Father Hucheloup had, possibly, been born a chemist, but the fact is that he was a cook; people did not confine themselves to drinking alone in his wine-shop, they also ate there. Hucheloup had invented a capital thing which could be eaten nowhere but in his house, stuffed carps, which he called carpes au gras. These were eaten by the light of a tallow candle or of a lamp of the time of Louis XVI., on tables to which were nailed waxed cloths in lieu of table-cloths. People came thither from a distance. Hucheloup, one fine morning, had seen fit to notify passers-by of this “specialty”; he had dipped a brush in a pot of black paint, and as he was an orthographer on his own account, as well as a cook after his own fashion, he had improvised on his wall this remarkable inscription:—

CARPES HO GRAS.

One winter, the rain-storms and the showers had taken a fancy to obliterate the S which terminated the first word, and the G which began the third; this is what remained:—

CARPE HO RAS.

Time and rain assisting, a humble gastronomical announcement had become a profound piece of advice.

In this way it came about, that though he knew no French, Father Hucheloup understood Latin, that he had evoked philosophy from his kitchen, and that, desirous simply of effacing Lent, he had equalled Horace. And the striking thing about it was, that that also meant: “Enter my wine-shop.”

Nothing of all this is in existence now. The Mondétour labyrinth was disembowelled and widely opened in 1847, and probably no longer exists at the present moment. The Rue de la Chanvrerie and Corinthe have disappeared beneath the pavement of the Rue Rambuteau.

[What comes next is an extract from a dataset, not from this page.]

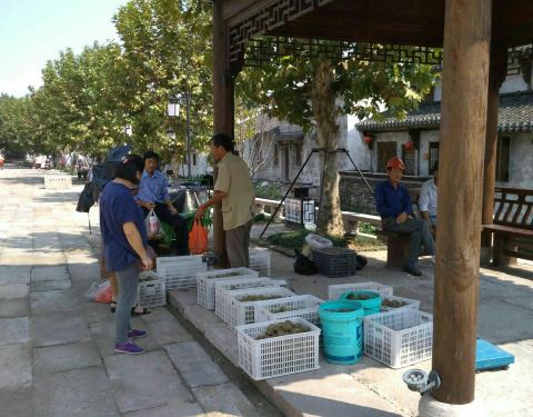 新修建的人造古镇,二边商铺几乎都是关门睡觉。慕名特意去的,结果是非常失望的。整个人造古镇只有原来的老桥头,有些当地人在叫卖当地的水果猕猴桃。猕猴桃在上虞种植很多,到了现在国庆节丰收的时候,路边角落都是猕猴桃在出售。

As we have already said, Corinthe was the meeting-place if not the rallying-point, of Courfeyrac and his friends. It was Grantaire who had discovered Corinthe. He had entered it on account of the Carpe horas, and had returned thither on account of the Carpes au gras. There they drank, there they ate, there they shouted; they did not pay much, they paid badly, they did not pay at all, but they were always welcome. Father Hucheloup was a jovial host.

Hucheloup, that amiable man, as was just said, was a wine-shop-keeper with a moustache; an amusing variety. He always had an ill-tempered air, seemed to wish to intimidate his customers, grumbled at the people who entered his establishment, and had rather the mien of seeking a quarrel with them than of serving them with soup.